At 2 AM ET Saturday, the House passed the COVID-19 relief package along a 219 to 212 party line vote. The bill includes a $1,400 direct payment to individuals earning less than $75,000 or for couples earning below $150,000. It extends federal unemployment benefits through August. It provides an additional $50 billion to speed the delivery of vaccines as well as create a national strategy for testing and case tracing. Another $200 billion goes to schools to assist in returning students to the classroom safely. It also includes $350 billion for state, tribal, and local governments, which have seen a huge revenue drop over the last year, at the same time there was an increased need for government assistance. And the bill preserves a measure that increases federal minimum wage to $15 an hour by 2025.

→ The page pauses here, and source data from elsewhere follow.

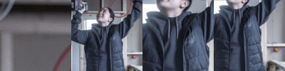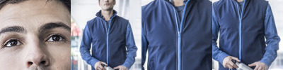 Warm-backed woven Softshell XPT waterproof and breathable 3-layer membrane fabric. Fully printable outer fabric. Wind-resistant membrane fabric. 2 zipped lower pockets and 1 zipped chest pocket.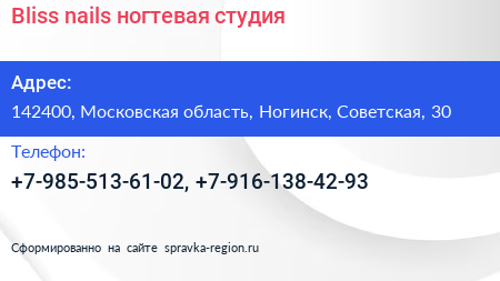 Bliss nails, ногтевая студия по адресу 142400, Московская область, Ногинск, Советская, 30 в дальнейшем Организация, размещена в следующих категориях: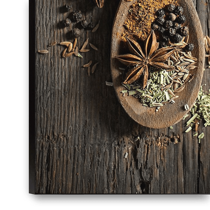Cuillère en bois avec diverses épices sur une vieille planche en bas de page.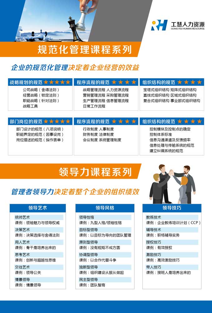 你當前所在的位置:首頁 > 企業管理培訓 > 企業內訓 > 培訓課程五大系列-上海工慧企業管理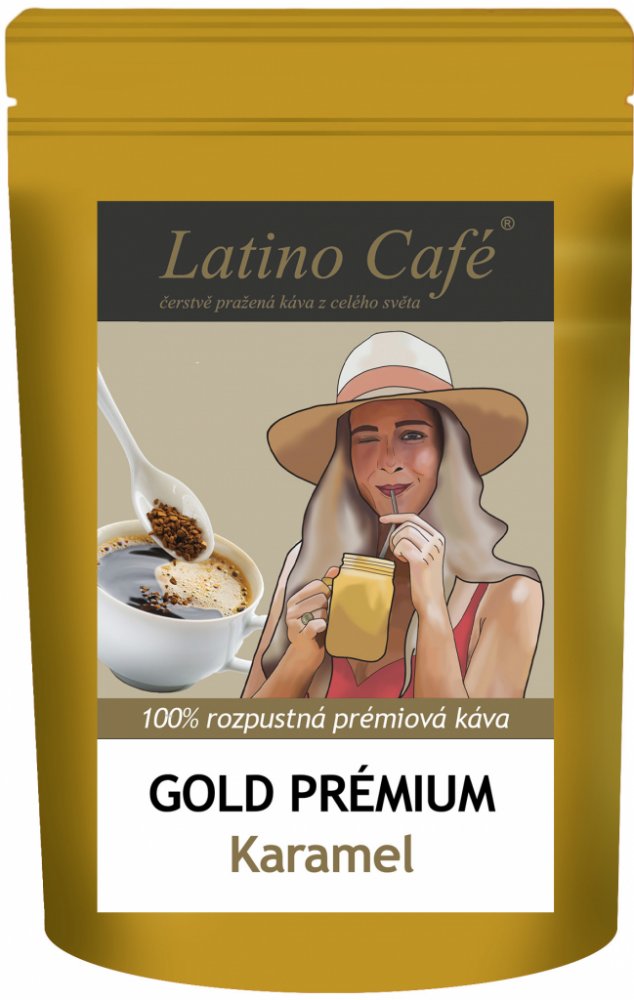 Latino Café Instant Gold Karamelvarianta Gold instant, 1 kg Instant Gold KaramelAčkoliv instantní kávou mnozí odborníci tak trochu opovrhují, ve skutečnosti je pro spoustu lidí praktickou volbou zejména v situacích, kdy nemají příliš mnoho času na přípravu klasické zrnkové kávy, nebo zkrátka a dobře nechtějí kávou trávit tolik času. Měli byste však mít na paměti, že i v rámci instantní kávy existují obrovské rozdíly a rozhodně není jedno, kterou vyberete. V čem je Gold Premium jiná?Existují dva základní výrobní postupy, jakými se instantní káva získává. První z nich využívá horkého vzduchu, který vysuší silný kávový extrakt a vzniknou tak jemné granulky instantní kávy. Tato metoda je jednoduchá a v praxi velmi rozšířená, ale bohužel vysoké teploty mohou zničit některé z přirozených vlastností kávy. Proto se pro výrobu kávy Gold Premium využívá tzv. sušení mrazem, kdy teploty atakují bezmála 50 stupňů pod nulou. Voda začne při takovéto teplotě sublimovat a výsledkem jsou pěkně vypadající...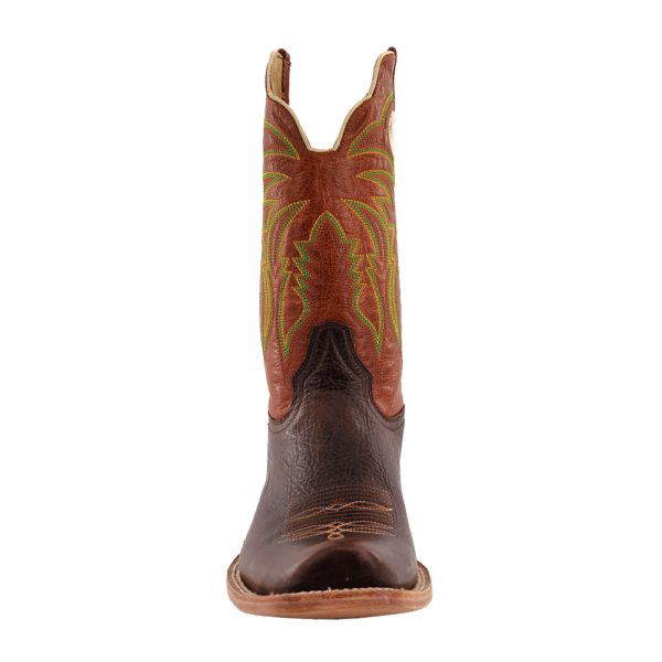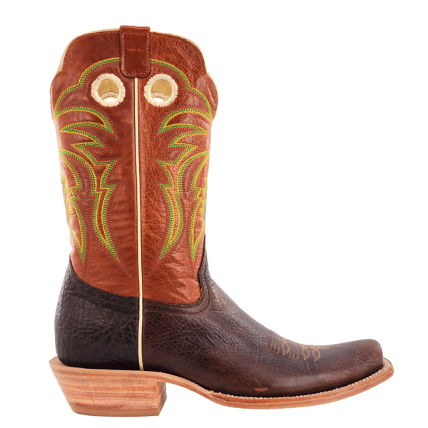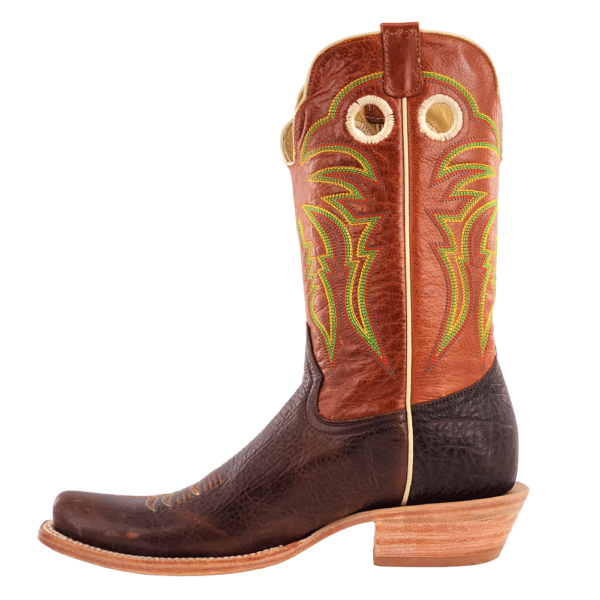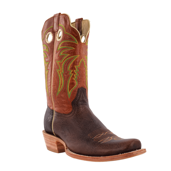 R. Watson presents these cowhide western boots. These boots have a 10 row stitch pattern, R. Watson comfort system, all leather stacked heel, counters, solid steel shank, and 10 iron outsole. 11" total in height.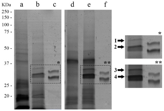 Binding of AsL3C (a–c) and AsL3ES (d–f) to FXa by SDS-PAGE. 10 μg of the antigenic extract (a,d), 10 μg of the antigenic extract + 1 μg of the FXa (b,e) and 1 μg of the FXa (c,f) were pre-incubated in 5 mM HEPES buffer, pH 7.4. The reference of molecular weights is indicated on the left. The bands marked with arrows correspond to the FXa in the samples incubated with AsL3C (*) and AsL3ES (**).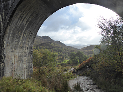 However, the reason for my visit is not location-spotting but walking. A short, but very attractive walking trail runs from Glenfinnan Station, past the Glenfinnan Viaduct, down to the edge of Loch Shiel beside the Glenfinnan Monument, and then loops back again in a circle to the railway station. The entire route is not much more than two miles in length, but it affords beautiful views of the surrounding hills, loch and countryside, and it is a walk to dally over and enjoy, not one to treat as a route-march.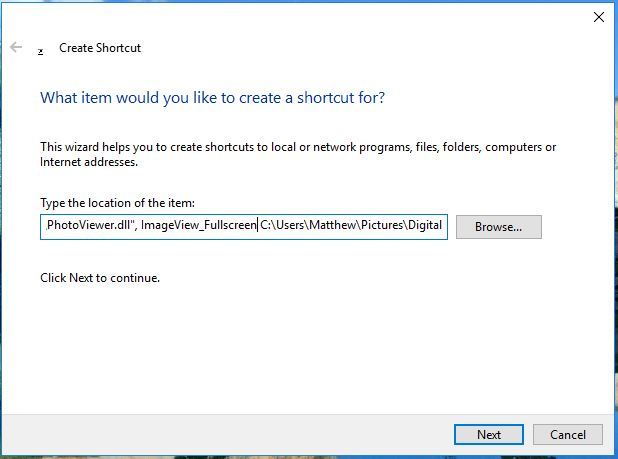 为图像选择目标文件夹后,在文件目标文件夹之前输入rundll32“%ProgramFiles%\ Windows照片查看器 \ PhotoViewer.dll”,ImageView_Fullscreen。您的位置应该是这样的:rundll32“%ProgramFiles%\ Windows照片查看器 \ PhotoViewer.dll”,ImageView_Fullscreen C:\ Users \ Matthew \ Pictures \ Digital。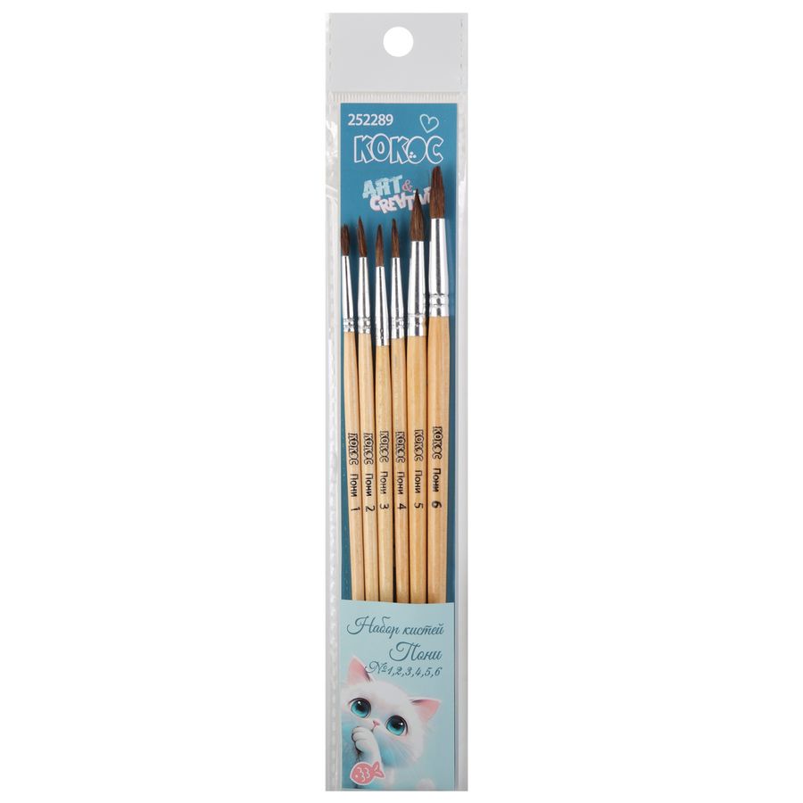 Кисть набор 6шт пони №1,2,3,4,5,6 круглые Пушистик Кокос 252289

The reason for the vote taking place at such a late (or early) hour was simple enough—Republicans did everything they could to delay the vote, including calling dozens of witnesses to slow a day that began considering the bill at 9:30 AM. The precise reason that Republicans began making objections and calling a large number of witnesses was simple enough—they wanted to push the vote past primetime, both so no one would see them voting against a bill that will send most Americans a much-needed check, and they wanted to unpack the same “passed in the dark of night” language that they’ve deployed so often in past.
Because Republicans have set opposition to the COVID-19 relief plan as their “unifying” issue.
Republicans are faced with a dilemma: How to bring together a party that is facing a deep rift over the absolute surrender of authority to Donald Trump, when at least a handful of their members still believe that this democracy thing still has a chance?
The answer seems to be to bring Republicans together around traditional values. Such as denying a decent wage to American workers, trying to starve the cities where most Americans live off the funds needed for basic services, and punishing people who lose their jobs in a crisis. Those are rock solid Republican values, Trump or no Trump.
So Republicans are holding hands for a unified stand against COVID-19 relief. The “passed in the middle of the night” rhetoric has already become a talking point on Fox News and is a feature of social media blasts from Republican “leaders”—a position that’s been reduced to role of being a designated Trump surrogate.
To sell their supporters on the idea that a bill that’s about to pay them money is secretly evil, Republicans seem to be depending on listing out some of the smaller items in the bill, under the pretense that “only a fraction” of the bill goes to “’real’ COVID relief,” which they’ve defined downward to little more than vaccine funding.
But the whole point of the bill is that is broad. It does hit a lot of areas. It does contain funding on many different fronts. That’s because the pandemic itself has been hugely damaging the the whole economy, not just the “trucks that deliver vaccine” economy.
That’s why the bill also includes $58 billion to assist pension funds that have come close to collapse over the last year, $25 billion in direct assistance to restaurants and bars that have been hit hard by restrictions during the pandemic, $30 billion for people who have been unable to pay their rent after the pandemic wiped out both their jobs and their savings. These are the kind of things that Republicans have decided to unite against.
Even for their own core supporters, they’re going to need every bit of help that Fox, Facebook, and AM radio can generate, because the COVID-19 relief bill is wildly popular. As Joan McCarter wrote on Wednesday, polls show the bill enjoying the support of 76% of voters, including 60% of Republicans, and 71% of independents.
“If you want unity, there's unity—the public is unified with Biden and the majority of Democrats in wanting this package to pass. Among the 76% supporting it, a majority—52%—strongly do so, with healthy chucks of both Independents (42%) and Republicans (34%) saying they strongly support it.”
What Republicans are actually demonstrating with their “unity” against the COVID-19 relief bill is what they’ve been demonstrating so vividly for decades: Opposition is all they have left. As Nancy LeTourneau writes:
“When it comes to actual policies being put forward by the two parties, we are witnessing a significant shift. Democratic policies are not only overwhelmingly popular with voters, they have been demonstrated to work. On the other hand, the Republican policies of trickle-down economics and deregulation have been a colossal failure, but conservatives haven't come up with a reasonable alternative.”
Republicans know they have a losing hand. They even know that blinding supporting Trump is a losing play. They just … don’t have anything better.
Any Democratic senator (ahem … Joe Manchin) who throws their vote in with Republicans, should realize that they are playing for a losing and deeply unpopular team.